Determine whether or not you’ll need to buy bridging insurance for the period between one employer and the next.


Involve your Children

If you have children, moving can be additionally stressful, because they will face new schools and the challenge of making new friends. Don’t dismiss their concerns, but try to make the moving experience as positive as possible.

moving-with-kids


Involve them in the search for a new place to live – they’ll enjoy looking at photos online — and discuss how they might like to decorate their bedrooms. Engage them in research about their new city so they can think about things they might like to see and do once they arrive. Host a going-away party so they can make saying goodbye to friends a positive experience.


Query your Friends and Colleagues

Undoubtedly, someone you know or one of their acquaintances has lived or worked in the city that will soon be your home. Arrange to chat with them in advance to get their insights into your new locale and to ask for advice. They will generally be happy to share the names of favourite restaurants, neighbourhoods that are dicey and any other practical information you request.

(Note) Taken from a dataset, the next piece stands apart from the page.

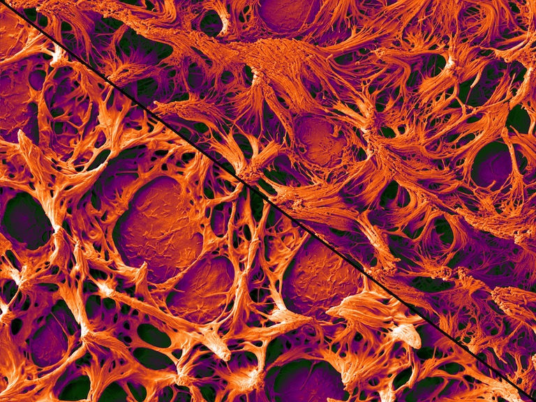 Cilia are small hairs that line the inside of our lungs and help keep them clear of dust and debris. These images show cilia grown in a specially designed cell culture dish. The functional cilia are more densely packed and longer (upper right), while the dysfunctional cilia are shorter and do not fully cover the layers underneath (lower left).

Once you’ve moved, don’t be shy about asking colleagues and neighbours for their advice and recommendations. They’ll know the best places to get fresh produce, the best ways to avoid heavy traffic and the coolest coffee shops. You can make a list or create a Google document and ask people to add to it.


Be a Tourist

tourist canadian city


Your move doesn’t automatically make you a local. Spend some time playing tourist in your new city. You can take a guided tour, try out various forms of public transportation and see the prominent local sites. You’ll begin feeling more comfortable while learning about your new home.


Get Involved

Being the newcomer means making a real effort to become part of life in your new city. If you have children, explore the library together and check out the extracurricular programs the community centres and schools have to offer.

Connect with friends of friends who have been recommended to you; you may hit it off, or they may lead you to others you’d like to know. Join a group or two and go regularly. It takes time to get to know people, but doing things together and seeing each other on a regular basis often leads to friendship.

Remember: it may not be easy to leave your comfortable life and familiar routines behind, but a world of new experiences awaits.